- Citizenship: India
- Occupations: Businessman; investor; entrepreneur;

= Bal Krishen Rathore =

Indian businessman

Bal Krishen Rathore is an Indian businessman, investor, and entrepreneur and the chairman and CEO of Century Financial based in the United Arab Emirates. He was listed in the top 100 inspiring leaders in the UAE by Arabian Business. He has been granted the Golden Visa by the government of UAE in 2021.

==Early life==
Rathore grew up in a small district in the Indian state of Jammu & Kashmir as one of the nine siblings in a family with limited means. He started his career by working in the hospitality industry in Dubai. Rathore met Sulaiman Baqer Mohebi, an Emirati entrepreneur, the Chairman of Century Financial, and started as a dealer for the company in 1999.

Rathore started as a dealer in Century Financial in 1999. Rathore looked after transactions across exchanges. Later he became the chairman and CEO of the company.

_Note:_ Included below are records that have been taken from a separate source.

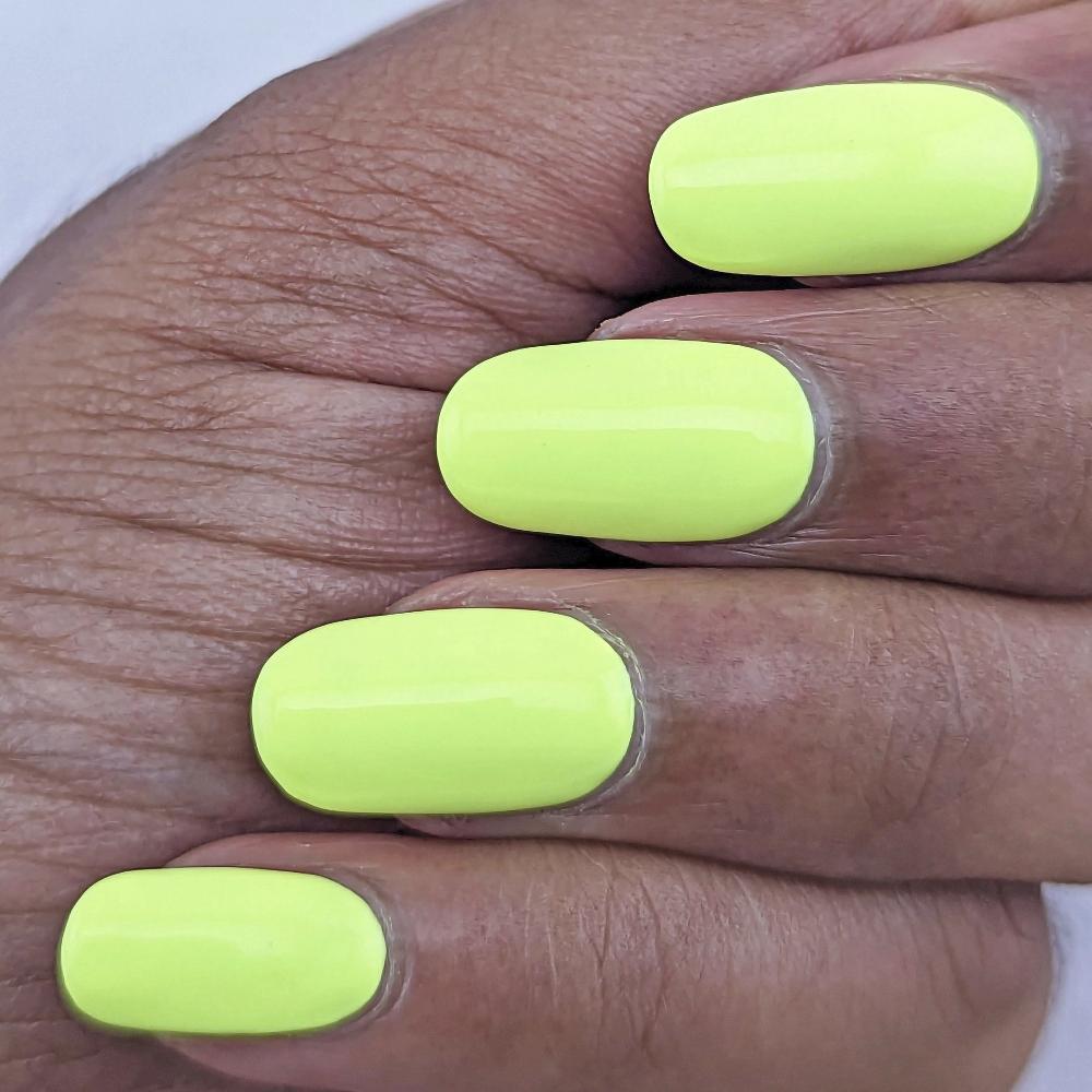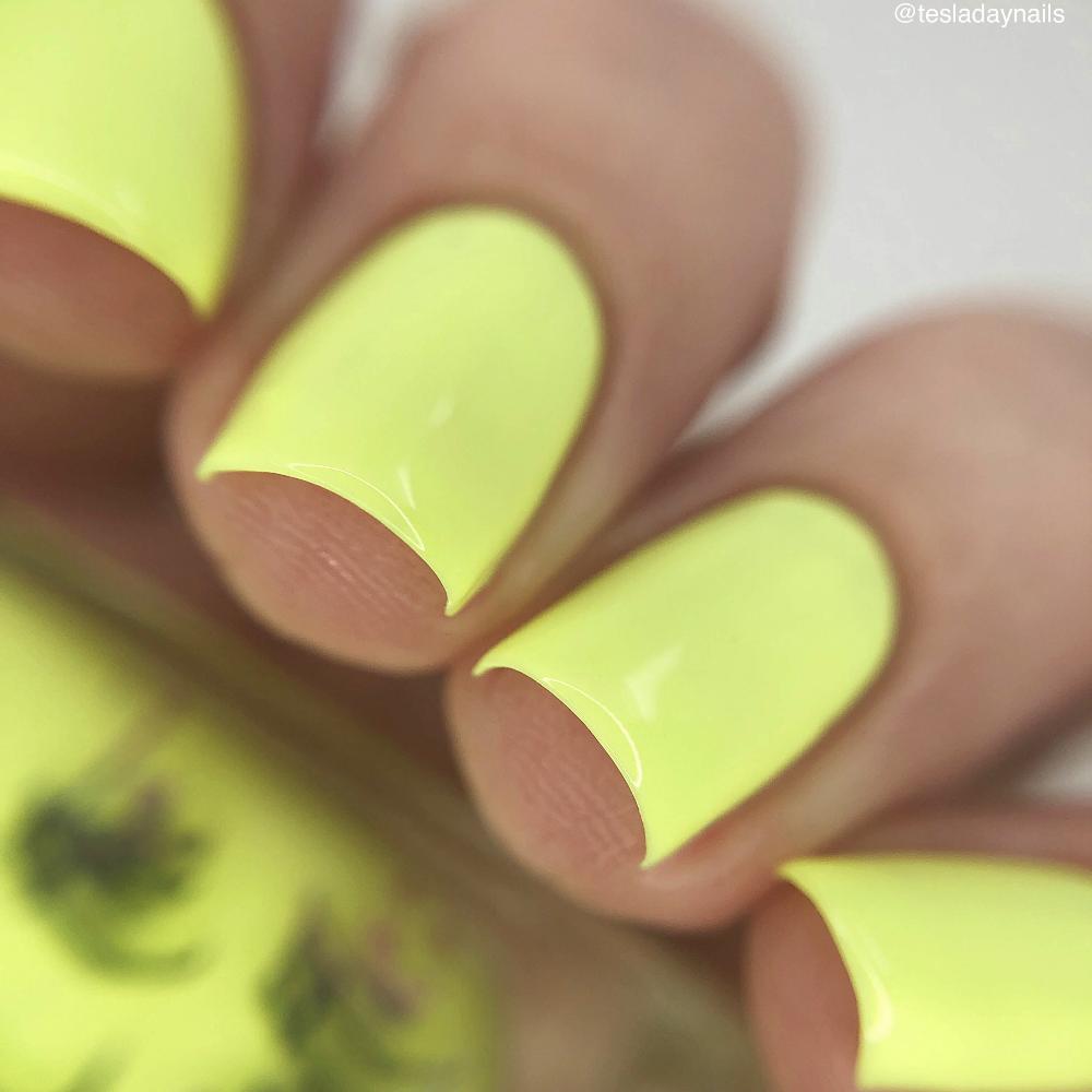 A soft neon pastel yellow. Swatches thanks to @miss_tanababy_ @icanhazpolish @tesladaynails @linz_zombie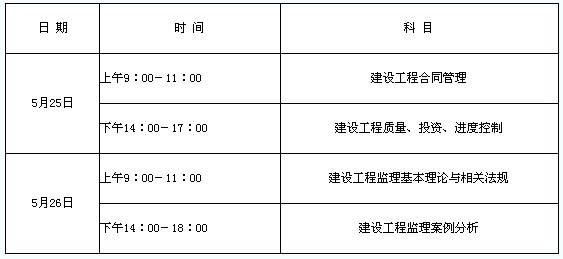 2013年度監(jiān)理工程師執(zhí)業(yè)資格考試定于5月25日至26日舉行,考試科目和具體時間為: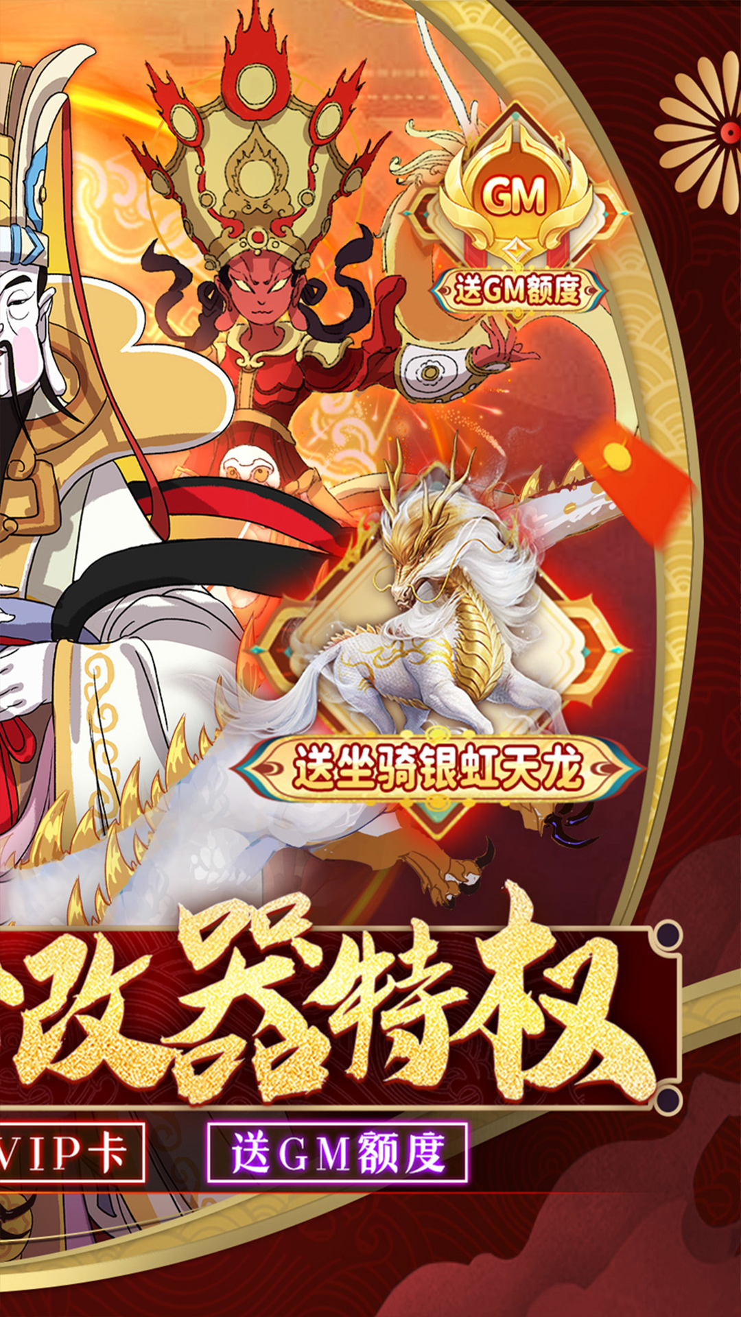 后缀说明:首充续充直购特权统统0.05折,登录即领坐骑银虹天龙,vip卡,GM额度*500,绑元*8888,铜钱*288888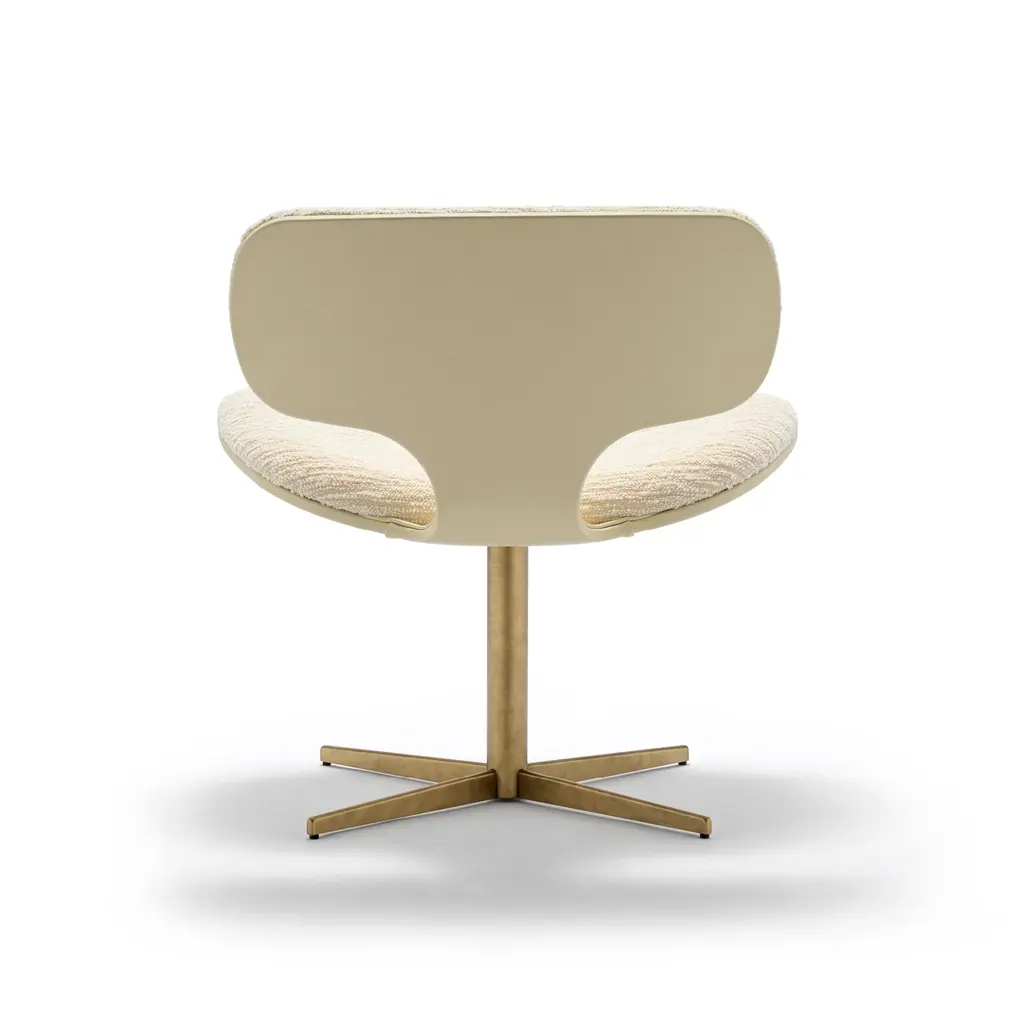 Rest is the lounge chair with a swivel structure made of steel in various Fasem finishes. The seat and backrest are padded: externally covered in full-grain or high-quality Fasem leather, and internally in high-quality Fasem leather or Dedar® Atlas fabric. It adds an elegant presence in both residential relaxation areas and representative environments.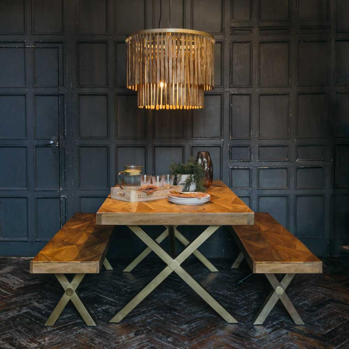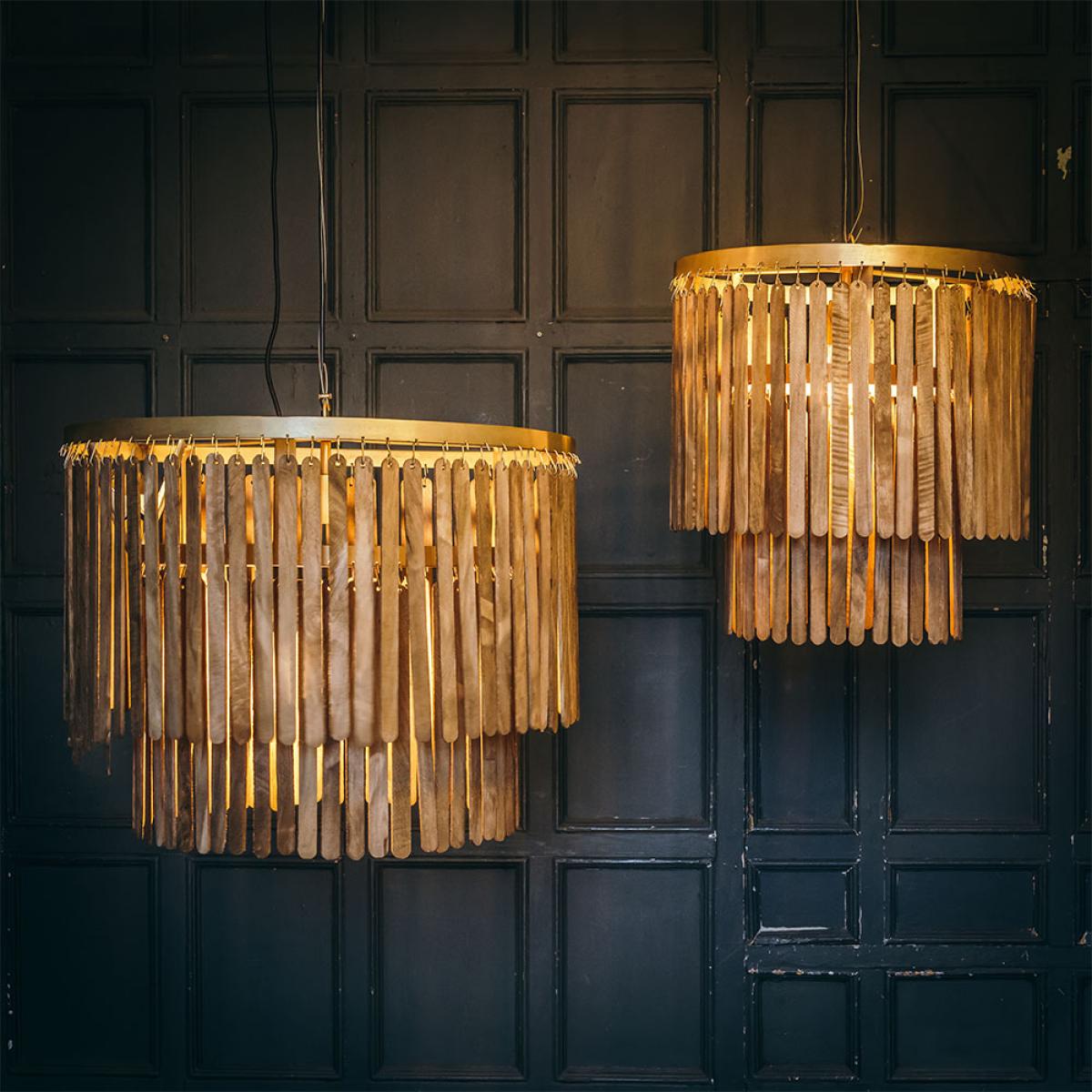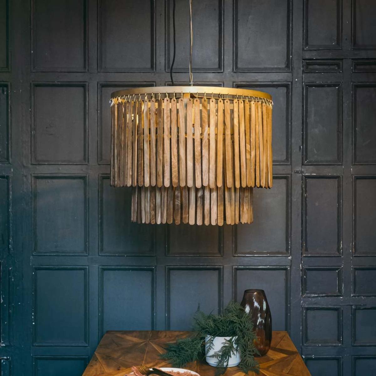 Ceiling lights can create instant impact and a statement look in any space. Our Joya Pendant Light in a Dark Brown wood finish is a striking chandelier inspired by boho chic. Featuring solid wooden strips suspended on a luxurious brass metal frame, this glamorous pendant lighting is perfect for hanging over a round or rectangular shaped dining table, banquette or dining booth. Combining easy living with a statement look and premium quality design, Joya draws inspiration from beachside living in the Mediterranean. The beachcomber effect is ideal for all interior décors and rooms including living, dining, kitchens and bedrooms. Modern lighting at its very best, hanging lights are a flexible solution that will create instant impact and to complete the look, use a globe opal bulb for a soft, intimate pool of light. The Joya Pendant Light is available in large (W60x D60x H43 cm) or medium (W45x D45x H43 cm).

== Awards & recognitions ==

| Year of Award or Honor | Name of Award or Honor | Awarding Organization |
|---|---|---|
| 2018 | Emerging Leaders - Financial Services | Khaleej Times |
| 2018 | 100 Inspiring Leaders in the Middle East | Arabian Business |
| 2021 | CEO of the Year in Financial Industry 2021 | World Business Outlook Awards |

==Initiatives==

Rathore and his company Century Financial had an agreement with the government of India to invest 100 million dollars in Jammu and Kashmir.